┌─ Task material

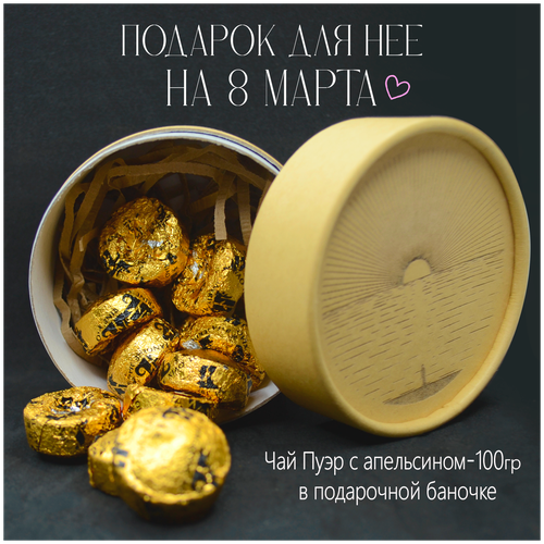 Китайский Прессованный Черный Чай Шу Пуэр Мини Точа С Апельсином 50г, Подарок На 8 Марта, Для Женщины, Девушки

└─
┌─ Task material

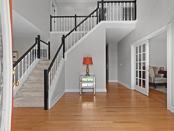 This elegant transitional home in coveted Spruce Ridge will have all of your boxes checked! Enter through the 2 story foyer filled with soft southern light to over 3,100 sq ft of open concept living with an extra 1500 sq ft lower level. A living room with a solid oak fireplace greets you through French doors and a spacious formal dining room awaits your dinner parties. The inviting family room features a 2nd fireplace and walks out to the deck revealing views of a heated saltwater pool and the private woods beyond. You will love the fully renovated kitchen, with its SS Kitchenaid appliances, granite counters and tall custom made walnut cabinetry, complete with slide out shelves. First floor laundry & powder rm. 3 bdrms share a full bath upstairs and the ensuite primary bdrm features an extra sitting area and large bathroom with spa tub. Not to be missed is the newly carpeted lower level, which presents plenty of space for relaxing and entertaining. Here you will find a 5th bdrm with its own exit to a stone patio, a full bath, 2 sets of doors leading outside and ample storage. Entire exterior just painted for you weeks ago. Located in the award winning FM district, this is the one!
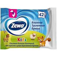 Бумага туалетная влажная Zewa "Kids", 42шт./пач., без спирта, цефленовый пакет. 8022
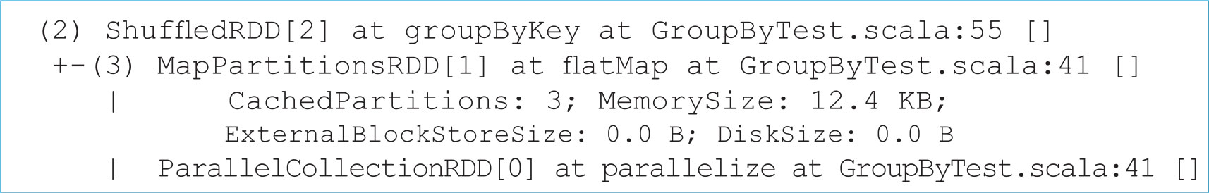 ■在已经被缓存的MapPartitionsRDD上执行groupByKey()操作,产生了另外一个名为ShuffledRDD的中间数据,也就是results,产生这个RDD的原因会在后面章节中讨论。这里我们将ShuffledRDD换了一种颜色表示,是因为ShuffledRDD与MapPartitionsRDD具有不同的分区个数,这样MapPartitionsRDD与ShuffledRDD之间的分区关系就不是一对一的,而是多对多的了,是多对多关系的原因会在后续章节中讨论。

└─

§ Assignment: Starting at the line with "This elegant transitional" in the entries above, write out every line exactly until the line with "Бумага туалетная влажная" has been written. Include no pictures and nothing more.

§ The answer:
 This elegant transitional home in coveted Spruce Ridge will have all of your boxes checked! Enter through the 2 story foyer filled with soft southern light to over 3,100 sq ft of open concept living with an extra 1500 sq ft lower level. A living room with a solid oak fireplace greets you through French doors and a spacious formal dining room awaits your dinner parties. The inviting family room features a 2nd fireplace and walks out to the deck revealing views of a heated saltwater pool and the private woods beyond. You will love the fully renovated kitchen, with its SS Kitchenaid appliances, granite counters and tall custom made walnut cabinetry, complete with slide out shelves. First floor laundry & powder rm. 3 bdrms share a full bath upstairs and the ensuite primary bdrm features an extra sitting area and large bathroom with spa tub. Not to be missed is the newly carpeted lower level, which presents plenty of space for relaxing and entertaining. Here you will find a 5th bdrm with its own exit to a stone patio, a full bath, 2 sets of doors leading outside and ample storage. Entire exterior just painted for you weeks ago. Located in the award winning FM district, this is the one!
 Бумага туалетная влажная Zewa "Kids", 42шт./пач., без спирта, цефленовый пакет. 8022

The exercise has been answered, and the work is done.